Neurology India | 2012
Junpeng Ma; Hao Li; Chao You; Siqing Huang; Lu Ma; Chengcheng Ieong
BACKGROUND Computed tomography angiography (CTA) is a rapid, non-invasive procedure with a small risk for evaluating patients with various types of strokes. But the effectiveness of CTA in detecting the etiology of spontaneous intracerebral hemorrhage (SICH) has not been well established.
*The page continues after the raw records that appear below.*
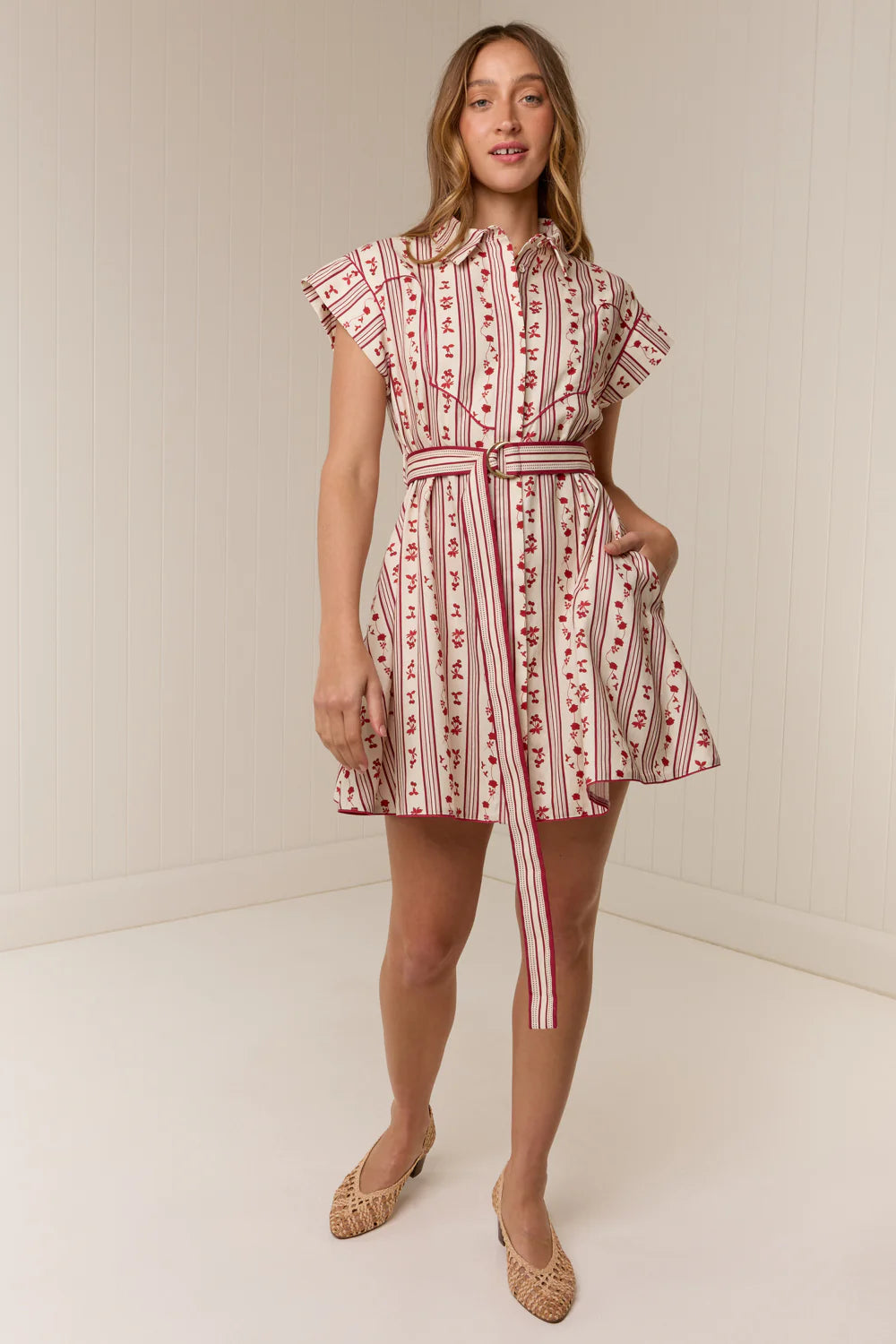 Regular price $380.00 Save Liquid error (snippets/product-template line 131): Computation results in '-Infinity'%The Manon Mini Dress is crafted from a premium Linen blend, printed in Palm Noosa's exclusive hand-drawn Raye Fleur print. Featuring a structured point collar and adjustable D-ring belt, the Manon Mini Dress offers a structured silhouette, finished with a western-style yoke and contrast piping for a relaxed yet elevated look.
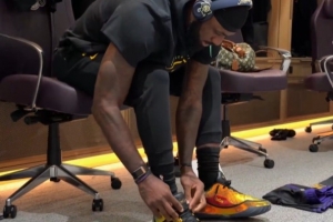 赛前,詹姆斯在更衣室哼着小曲,同时穿上了他最新一代签名鞋“詹23”。这将是詹姆斯首次在正式比赛中穿这双鞋(4万分纪念款配色)。
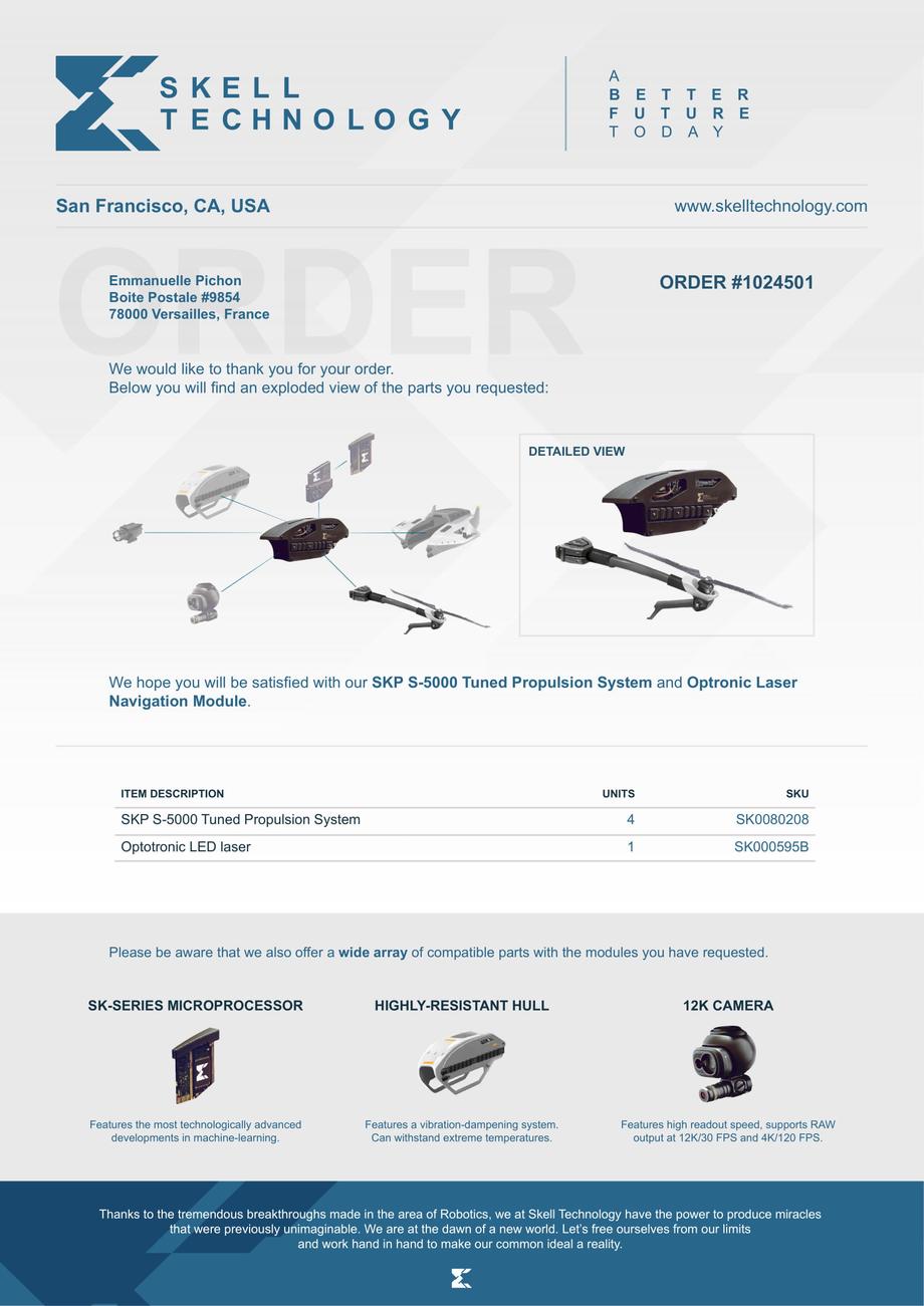 Some players have deiced to investigate why Ubisoft has been teasing this drone company in their video games, and recently discovered Skell Technology’s viral website. After "breaking" their safety net with the combination of login: „asantos”, password: „10068” and „epichon”, password: „15034," you can watch two new promotional materials - the unlisted "Civilian Drone Catalog" YouTube video and the ORDER #1024501 sheet, as it ends the receipt with the statement "

AIM To evaluate the diagnostic value of CTA for detecting underlying vascular abnormalities in patients with SICH. SETTINGS AND DESIGN This is a comparative study to evaluate the diagnostic accuracy of CTA and digital subtraction angiography (DSA) in SICH. We also did a meta-analysis, combining our results with those of all previous studies to determine a more precise estimate of CTA in detecting the etiology of SICH.. MATERIALS AND METHODS Between July 2009 and October 2011, CTA and DSA were routinely performed in consecutive young patients (age between 18 and 45 years) with acute non-hypertensive SICH. Imaging data were prospectively stored in the database for analysis. STATISTICAL ANALYSIS The sensitivity, specificity, positive predictive values (PPV), negative predictive values (NPV), and accuracy were used for evaluating the diagnostic value of CTA for vascular lesion. RESULTS This study included 92 patients. The sensitivity, specificity, PPV, NPV, and accuracy of CTA for detecting DSA-positive pathologies were 94.6%, 100%, 100%, 96.5%, and 97.8%, respectively. A total of 544 cases were included for meta-analysis. The pooled sensitivity, specificity, PPV, NPV, and accuracy of CTA for detecting the etiology in SICH were 95.4%, 98.3%, 96.9%, 97.4%, and 97.2%, respectively. There was no substantial heterogeneity between the studies. CONCLUSIONS CTA has high PPV and NPV for vascular pathologies. It should be performed as the initial vascular investigation for patients with acute SICH. Future technical advancement of CTA is still needed to eliminate the false-negative results.